Anthony Bourdain and the Clinton Body Count

A conspiracy meme sprang up almost as soon as the news of Anthony Bourdain's death began to circulate. According to this meme, Bourdain has become another name on the ever-lengthening list of what is known as the Clinton Body Count. The theory is that Bill and Hillary Clinton have been quietly offing people who have stood against their agenda. A more recent example of this is Seth Rich, who was shot twice in the back and killed in Washington, DC, in 2016. Rich had worked with the Democratic National Committee, and there had been some suspicion that he might have been one of the leakers of information to Wikileaks, back in the tumultuous period of the presidential campaign. Assuming the veracity of the Clinton Body Count theory, Rich's death—which looked like an attempted robbery, although nothing had been stolen—was the result of his having leaked damaging information to Wikileaks.

This brings us to Anthony Bourdain.

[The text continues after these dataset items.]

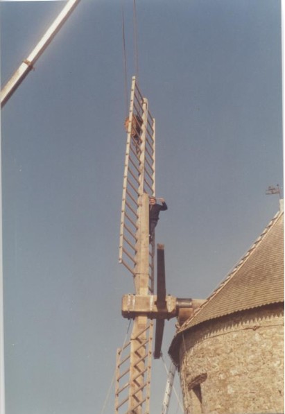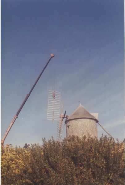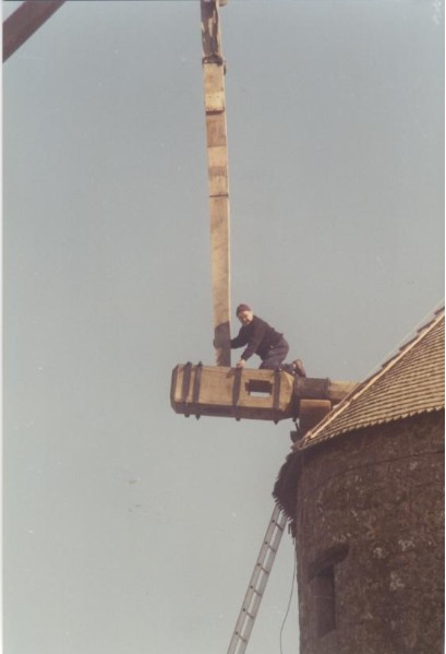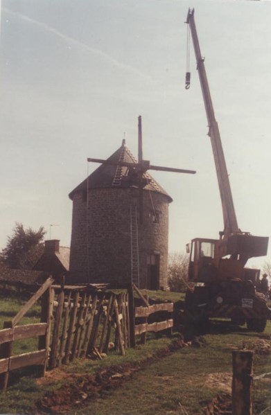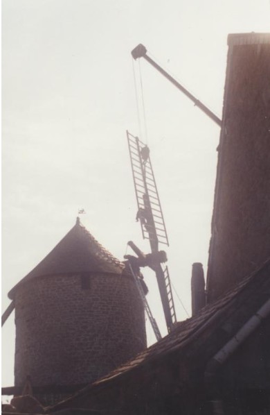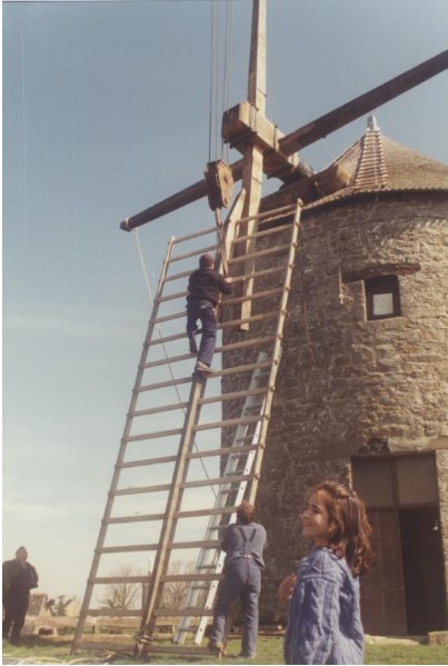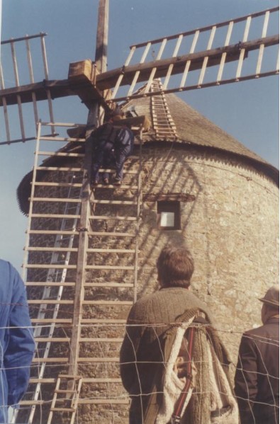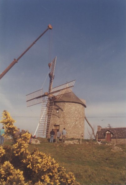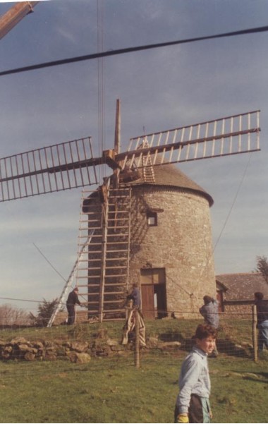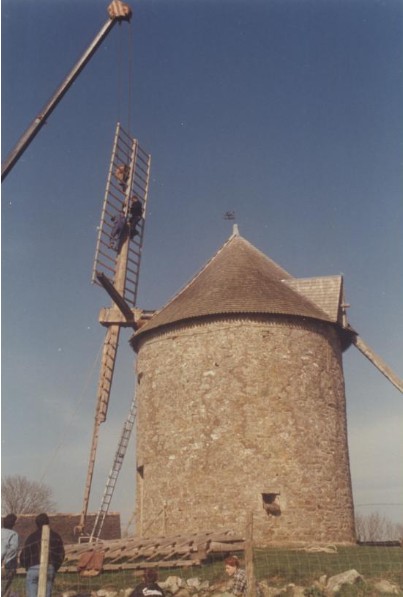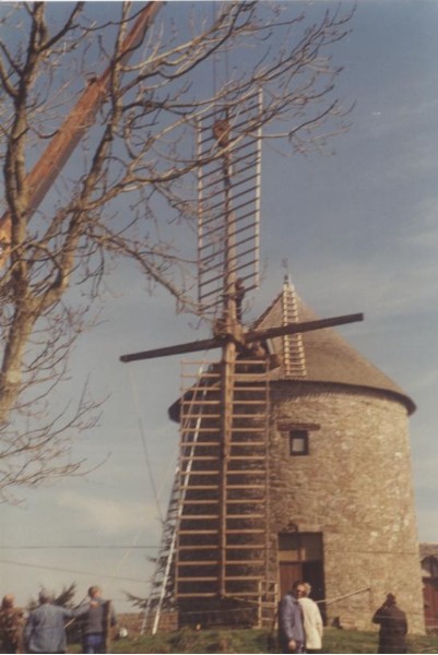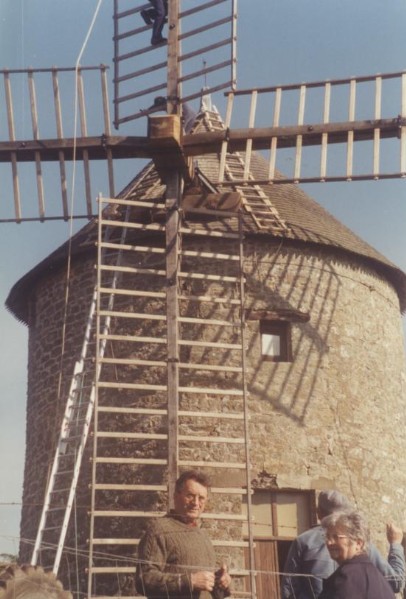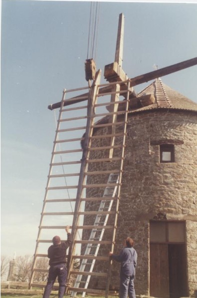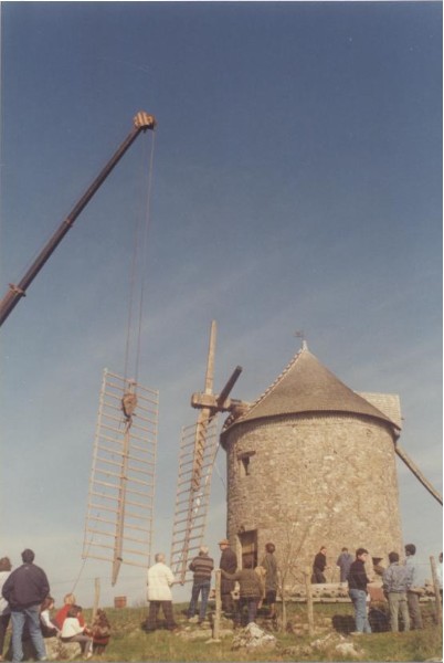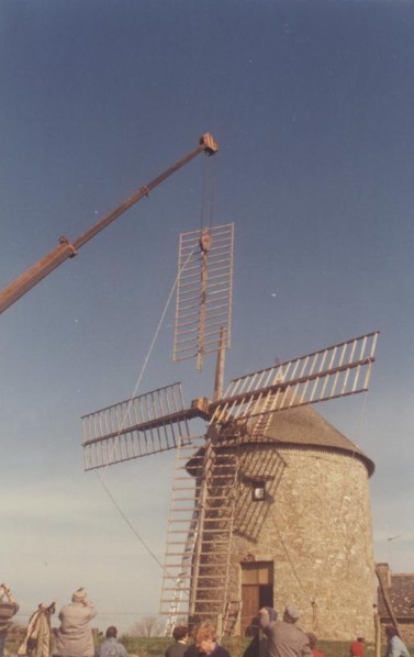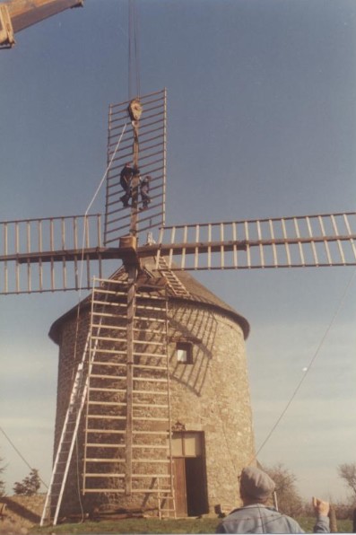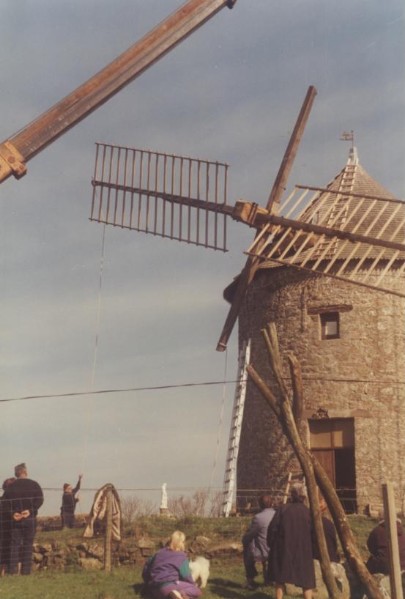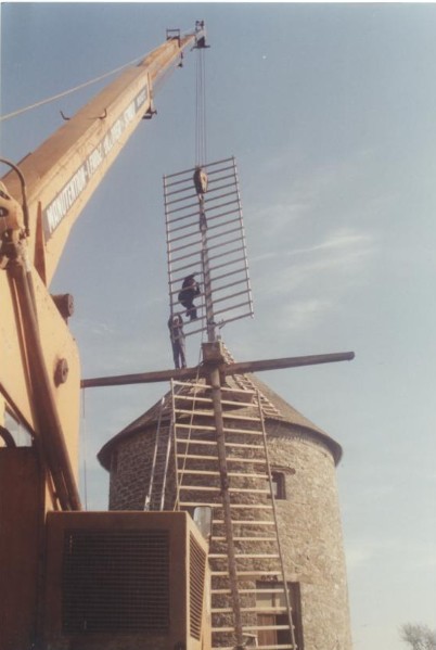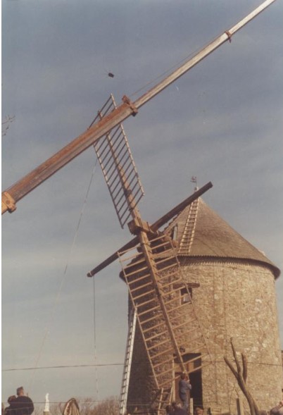 Photo de rénovation des ailes du moulin le 22 mars 1995 Partager : Cliquez pour partager sur Facebook(ouvre dans une nouvelle fenêtre) Facebook Cliquer pour partager sur X(ouvre dans une nouvelle fenêtre) X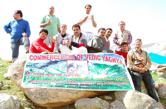 ll Parties Migrant Co-ordination Committee (APMCC), which has pioneered the reopening of temple movement, conducted yet another grand Yajnya at Gangbal (Harmukt Ganga) the historical religious place of Kashmiri Pandits situated under the foothills of Harmukt range in North-East of Kashmir at the height of 12000 feet, after more than 100 years.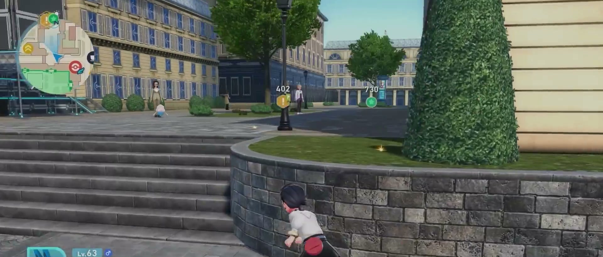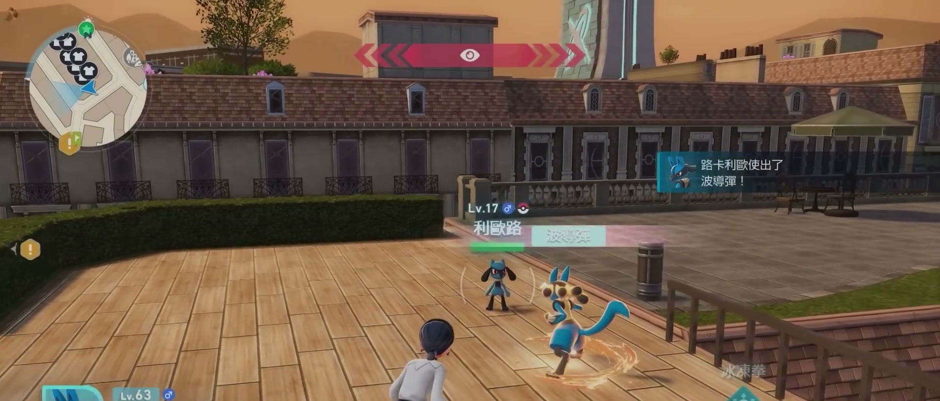 接下來是高人氣寶可夢利歐路,他出現位置在地圖左上方,榴紅4號街區的屋頂,首先要來到這塊街區建築的左下方,因為這裡有一架梯子可以爬,爬上去後就能直接看到利歐路了,另外要注意,利歐路只有在晴天時才會出現,可以打開地圖看右上角當前的天氣,如果是一顆太陽就代表晴天了。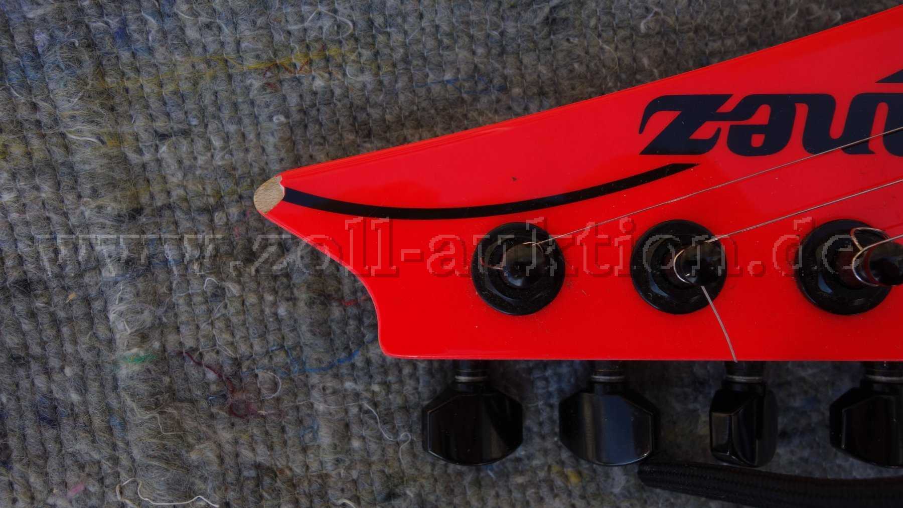 Gebrauchsspuren sind vorhanden, z.B. Lackabplatzung an der Kopfplatte und kleiner Riss am Korpus (s. Bilder).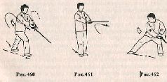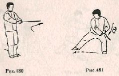 Вес тела сместите на правую ногу, продолжая поворот направо. Руки разведите в стороны на уровне плеч, при этом остриё меча направлено вперёд (рис. 514), Центр тяжести полностью перенесите на правую ногу, а левую – поднимите вверх, согнув в коленном суставе. Руки соедините перед животом. Остриё меча направлено вперёд (рис 515). Опустите левую ногу на землю, делая шаг вперёд, причём стопа касается поверхности пяткой (рис. 516). Центр тяжести сместите палевую ногу а правую – подтяните клевой, располагая их рядом. Одновременно нанесите колющий улар мечом вперёд (рис, 517).

Bourdain had publicly tweeted his disgust at Bill Clinton's recent non-apology regarding the Monica Lewinsky affair that had plagued his presidency in the 1990s. A few days before Bourdain's death, he had also supposedly tweeted this: "I have information that will lead to the arrest of Hillary Clinton." People online have been referring to this pair of tweets as "haunting" in light of Bourdain's death, which occurred not long after these tweets had been made.


My instinct, upon learning of this latest conspiracy theory, has been to reject it out of hand. While a mean part of me would like to believe the Clintons are the types to murder their enemies, I just can't take this idea seriously, especially in the light of day. The body-count list is indeed quite impressive, but while it looks like evidence for a circumstantial case against the power couple, it stretches plausibility, the way all conspiracy theories do. Note, too, that if you visit Bourdain's Twitter feed, the most recent tweet on it is dated June 3; the above graphic shows a date of June 5. (Bourdain died in France on June 8.) It's conceivable that Bourdain tweeted something, then deleted it, but it's more likely that the above tweet is actually fake.

Let's let poor Tony rest in peace.

UPDATE: the Bourdain tweet shown above is definitely fake. Here's the guy, Owen Benjamin, confessing to having slapped that tweet up as a joke. Benjamin has a good quote, though, regarding his dad, who used to threaten to commit suicide all the time: "When you forgive things that you know are wrong, it doesn't end the cycle." I wonder how this might apply to the Trump-Kim summit. Will forgiving the Kim regime's many depredations somehow end the cycle of death and oppression in North Korea? Probably not.



2 comments:

John Mac said...

I'm sure they haven't killed anywhere near the number of people they have been accused of killing. Haters gonna hate!

Kevin Kim said...

So just Vince Foster, Seth Rich, and Bourdain, then. Heh.